Required work: In the material below, find the line with "1단계: 바이비트 로그인" and the line with "- 9 pm: As the". Output exactly those two lines and all lines between them, leaving out pictures.

[Opening Exercise input section]

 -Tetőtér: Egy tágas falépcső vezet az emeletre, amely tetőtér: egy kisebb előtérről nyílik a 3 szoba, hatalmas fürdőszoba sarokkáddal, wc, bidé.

[Closing Exercise input section]
[Opening Exercise input section]

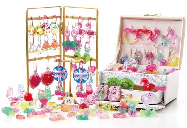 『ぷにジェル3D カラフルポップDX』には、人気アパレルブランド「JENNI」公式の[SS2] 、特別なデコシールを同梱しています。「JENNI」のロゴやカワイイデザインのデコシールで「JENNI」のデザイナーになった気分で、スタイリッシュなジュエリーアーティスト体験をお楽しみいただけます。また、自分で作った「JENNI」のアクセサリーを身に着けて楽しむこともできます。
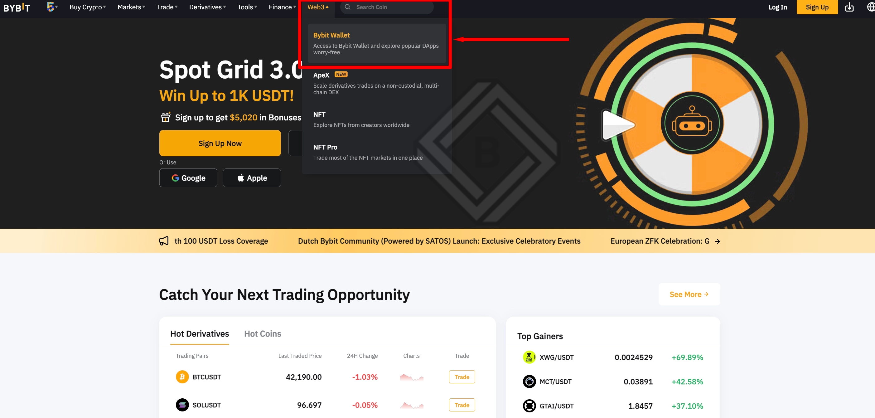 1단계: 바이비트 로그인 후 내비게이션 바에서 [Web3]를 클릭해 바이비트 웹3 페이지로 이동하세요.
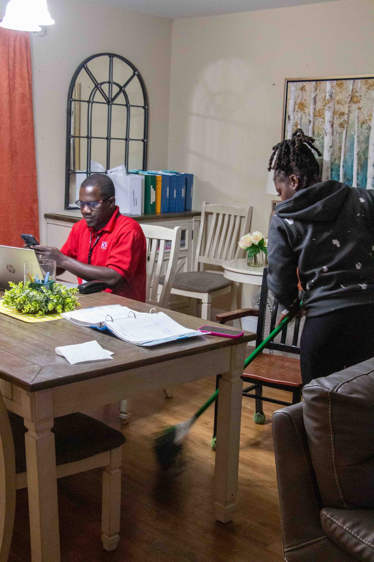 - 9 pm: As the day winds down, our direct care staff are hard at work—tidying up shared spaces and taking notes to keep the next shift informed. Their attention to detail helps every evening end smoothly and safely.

[Closing Exercise input section]

Solved problem:
 1단계: 바이비트 로그인 후 내비게이션 바에서 [Web3]를 클릭해 바이비트 웹3 페이지로 이동하세요.
 - 9 pm: As the day winds down, our direct care staff are hard at work—tidying up shared spaces and taking notes to keep the next shift informed. Their attention to detail helps every evening end smoothly and safely.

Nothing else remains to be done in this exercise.